Não, não, não pode ser... Não estou morta!!!!... Gritava e chorava andando
pelo meio do povo, que não arredava pé da porta do teatro quando deu de cara
com dois olhinhos fixos nela. Olhou para um lado pro outro, pra trás, a procura
de quem aquela menina pudesse estar olhando e não viu ninguém. – Meu Deus ela está me vendo!... Andou
até a menina que lhe abriu um largo sorriso. – Você está me vendo?... A menina fez que sim com a cabeça, mas em
seguida foi puxada pela mãe que não fazia idéia do que se passava. Mercedes foi
atrás. – Você pode me ouvir?... Por
favor, me ajude. O que está acontecendo?... A menina olhava fixamente para
Mercedes e colocou a mão na frente da boca e disse como que um segredo. – Você morreu. Lá no palco. Mercedes não
podia acreditar no que acabara de ouvir e aos prantos pedia para que a menina
lhe explicasse o que havia ocorrido, mas a mãe da garota mais uma vez a levou e
desta vez para longe de seu alcance, e por mais que corresse atrás delas as
perdeu no meio do povo que não parava de chegar a porta do tetro em busca de
noticias.
Mercedes voltou para
dentro do teatro e encontrou Carlos, ainda chorando, ao lado do corpo que agora
estava no centro do palco em cima de uma mesa coberto por um lençol branco e
todos os outros em volta de mãos dadas, também chorando, em uma espécie de
oração pelo que pode entender. E pela primeira vez naquela noite pensou que
realmente estava morta, embora não se sentisse. Foi até Carlos passou a mão por
seus cabelos, tentou sem sucesso enxugar suas lágrimas e pensou: - Por que choras tanto a minha morte? Será
que gostavas de mim? E nessa hora Carlos abaixo e beijou o rosto de
Mercedes e baixinho disse que a amava e só não pôde lhe dar a segurança que ela
queria, mas mesmo assim a amava. E Mercedes mais triste e amargurada ficou
agora já convicta que realmente estava em seu leito de morte. – Ah Carlos por que nunca me disse isso?

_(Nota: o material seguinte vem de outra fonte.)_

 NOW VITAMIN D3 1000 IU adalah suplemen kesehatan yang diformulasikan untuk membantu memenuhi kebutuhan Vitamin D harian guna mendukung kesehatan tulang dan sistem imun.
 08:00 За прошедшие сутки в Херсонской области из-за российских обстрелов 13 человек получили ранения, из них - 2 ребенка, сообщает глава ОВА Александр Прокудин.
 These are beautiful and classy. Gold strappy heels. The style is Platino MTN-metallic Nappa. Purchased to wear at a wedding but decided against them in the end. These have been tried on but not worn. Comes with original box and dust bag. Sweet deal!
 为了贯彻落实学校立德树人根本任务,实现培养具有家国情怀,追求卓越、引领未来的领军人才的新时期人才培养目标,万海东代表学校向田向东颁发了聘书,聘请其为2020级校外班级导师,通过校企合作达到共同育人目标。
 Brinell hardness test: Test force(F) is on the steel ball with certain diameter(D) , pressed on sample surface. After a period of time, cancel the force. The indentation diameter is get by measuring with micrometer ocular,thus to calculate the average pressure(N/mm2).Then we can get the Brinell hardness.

Tudo poderia ter sido diferente... Por quê?...
-
Oh Mercedes, Mercedes!!!... Vamos o espetáculo já vai começar!... Vamos!...
Batia Carlos insistentemente a porta do camarim de Mercedes que demorou muito a
atender acordando de um pulo levando um grande susto sem saber ao certo quem
estava a lhe chamar.
-
O que houve?... Quem está aí?...
-Oi
sou eu Carlos!... Estou batendo na porta faz séculos. Vamos estamos atrasados!

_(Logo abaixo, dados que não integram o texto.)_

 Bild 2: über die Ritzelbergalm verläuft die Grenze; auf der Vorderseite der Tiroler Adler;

O que deu em você para perder a hora desse jeito?...Mercedes
abriu a porta e ficou olhando para Carlos, ainda meio tonta e confusa.
-
Não sei... estava cansada, não me sentia bem... Deitei e acabei dormindo um
pouco... Não sei bem... Acho que estava tendo um sonho ruim... Que bom que você me acordou. Vá indo que já,
já eu vou. Mercedes acabou de se arrumar rapidamente e
seguiu atrás de Carlos.
Naquela noite, Mercedes
estava esfuziante, dançou como nunca, melhor do que todos os dias e com uma
sensualidade diferente, mais ardente e mais próxima de Carlos, que embora não
estivesse entendendo tratou de aproveitar e apertá-la mais em seus braços.